Looking out at the dock.
It was still pretty early when we got settled in…a perfect opportunity for a nap while the rain finally started in earnest. We enjoyed a lazy day of watching dvds, playing cards, and exploring our immediate surroundings (with the added bonus of day drinking because we walked everywhere!), including the little playground next door at Marshside Mama’s. Much to Jack’s (ok, and mine) delight, they had an old-school, metal merry-go-round like those from the days of my youth that I thought had more or less been outlawed by the playground safety police. (image found online, not a pic of actual one we played on)
Vacationing with Tyler Rule # 31, if you see a historical sign, pose with it for picture:
Jack looks like he is practicing his Abercrombie & Fitch catalog pose
This was a little raised oyster shell area just off the boat launch. If you look closely, you can see two horseshoe crabs mating in the surf, so technically, Jack was still getting some maritime education despite skipping a school day.
On Saturday, Tyler called around to rent a golf cart. One place answered that they didn’t have any left and suggested (who else?) Bloody Point. The gal, Brandy, was even nice enough to offer to pick Tyler up when she was out and about later (Tyler did not take my advice to thank her by saying she was a “fine girl.”). That’s on par with Tybee randomium levels in my book. Since she wasn’t really an ax murderer, Tyler returned a little later and we had the afternoon to explore the island by golf cart.

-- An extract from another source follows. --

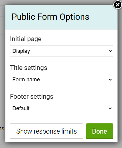 The next 3 dot Menu button provides a lightbox where you have several options to tailor your Public Forms further:

Added to the list of modes of transportation that Krypto doesn’t like: golf carts.
Despite the numerous signs posted prohibiting non-licensed drivers of golf carts, we let Jack take a turn driving and he loved it.
In addition to the island’s natural beauty, there is really quite a bit to see, from cemeteries and tabby ruins to a winery and a surprisingly large community garden with cows, chickens, goats, and more.
The winery did not appear to be open.
We stopped at the main stretch of beach, with seafoam spray and huge homes reminiscent of the California coastline (except these millionaires also have minions to grocery shop by boat to Hilton Head!).
We popped into the Freeport Marina for cokes and poked around at the general store. I discovered that they do have a liquor store on the island, so I was relieved on behalf of the residents. It’s a tiny little cottage with steps, which made me think perhaps an ADA-compliance lawsuit would be in order and I could retire rich and get some grocery-shopping minions of my own.
The Old Daufuskie Crab Company is in the same vicinity and we decided to stop for a bite to eat. There were a bunch of fraternity brahs playing beer pong in the rain by the tiki hut bar and a big sign saying “no dogs allowed inside,” but because
no one else was eating there Krypto is so cute, the manager allowed us to sit inside.
They had some cool artifacts on display from Daufuskie’s hey dey as an oyster harvesting community.
I’m pretty sure every state in the US has a city named Marion…Daufuskie even has streets named after us!
Saturday night, Tyler and I ducked out to Marshside Mama’s for a beer. Good times!
This sign just made me laugh.
All in all, it was a great weekend. When you live somewhere that throws a parade almost every other weekend, sometimes it’s nice to go somewhere super laid back. Getting away helped me better appreciate what we do have, like an amazing elementary school, a bridge (albeit prone to accidents and closures), a grocery store, and ADA-accessible liquor stores.